* **ACTION ITEM**
Print, exactly as they stand, the lines below from the one that has "아파치족의 걸출한 지도자" to the one that has "申請を行うと[アップロードさ", inclusive, leaving out the pictures.

* **GIVEN ENTRIES**
□ □ □ □ □ □ □

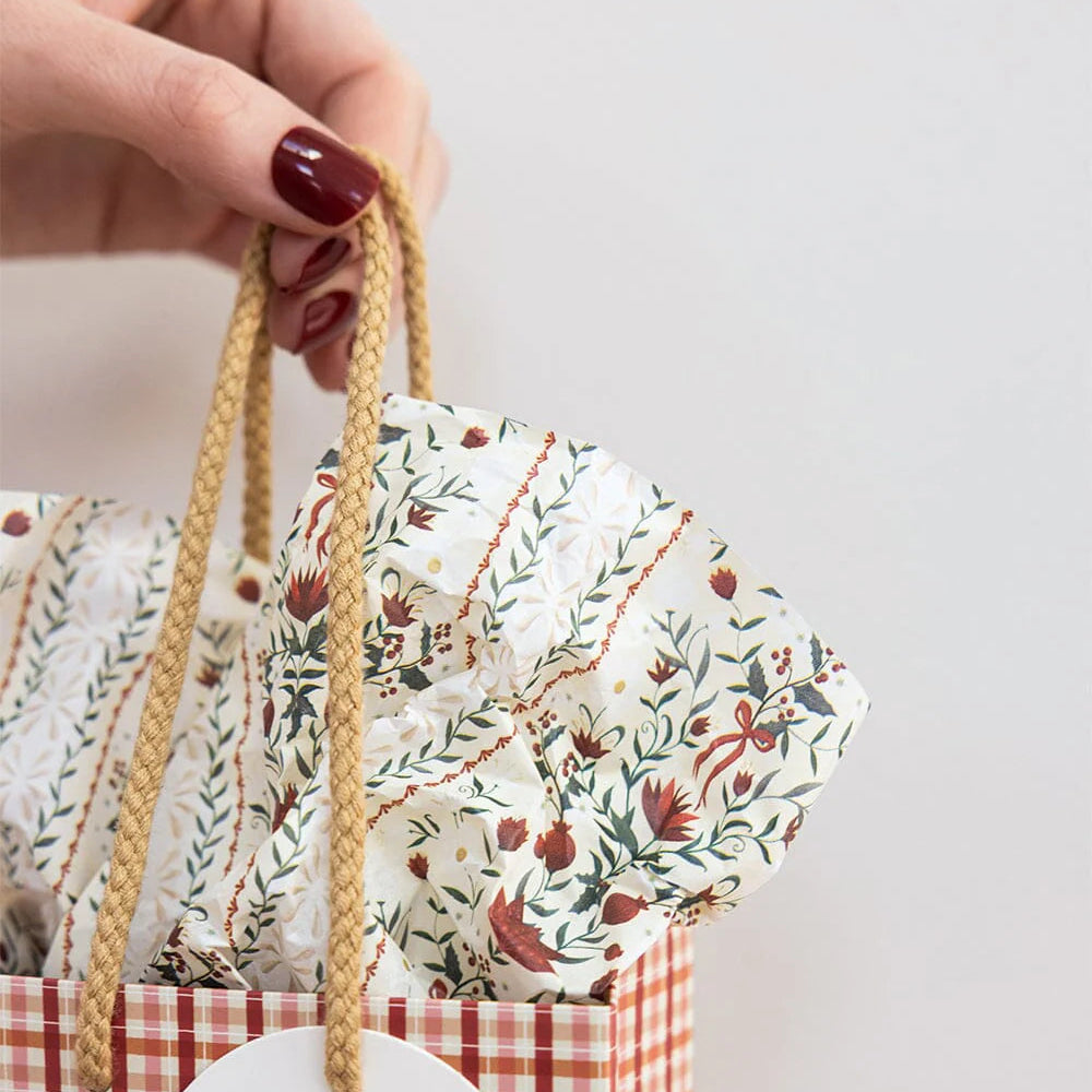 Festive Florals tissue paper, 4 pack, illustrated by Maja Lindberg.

□ □ □ □ □ □ □

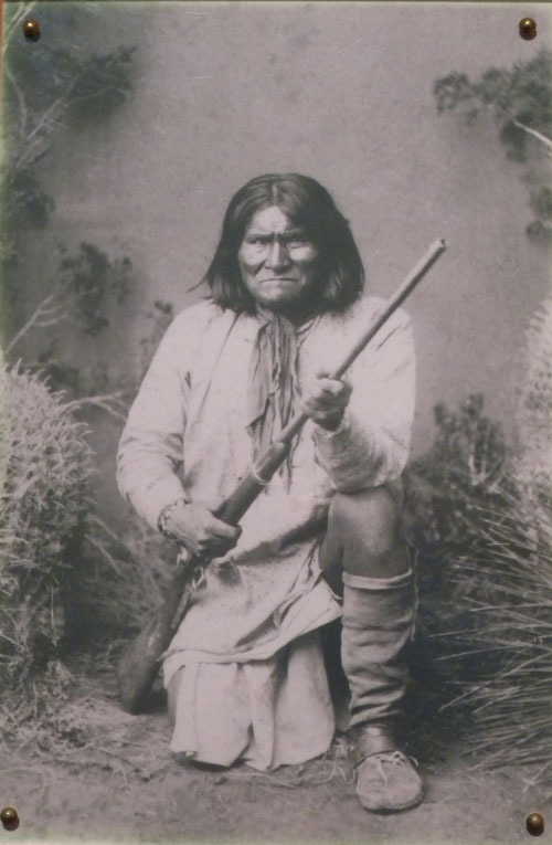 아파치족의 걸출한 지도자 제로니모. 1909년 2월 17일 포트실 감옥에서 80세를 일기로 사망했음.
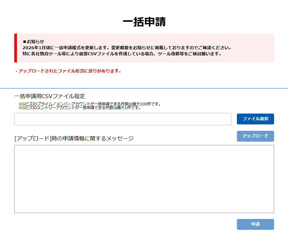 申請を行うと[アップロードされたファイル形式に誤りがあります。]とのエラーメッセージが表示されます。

□ □ □ □ □ □ □

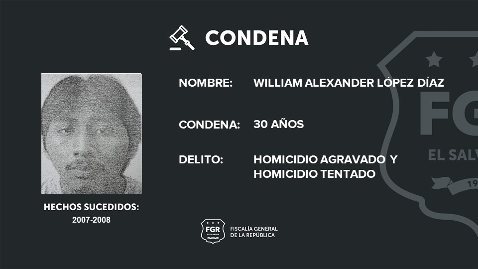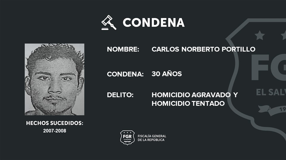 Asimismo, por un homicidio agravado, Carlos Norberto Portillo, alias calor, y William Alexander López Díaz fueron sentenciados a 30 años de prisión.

□ □ □ □ □ □ □

* **PROBLEM SOLUTION**
 아파치족의 걸출한 지도자 제로니모. 1909년 2월 17일 포트실 감옥에서 80세를 일기로 사망했음.
 申請を行うと[アップロードされたファイル形式に誤りがあります。]とのエラーメッセージが表示されます。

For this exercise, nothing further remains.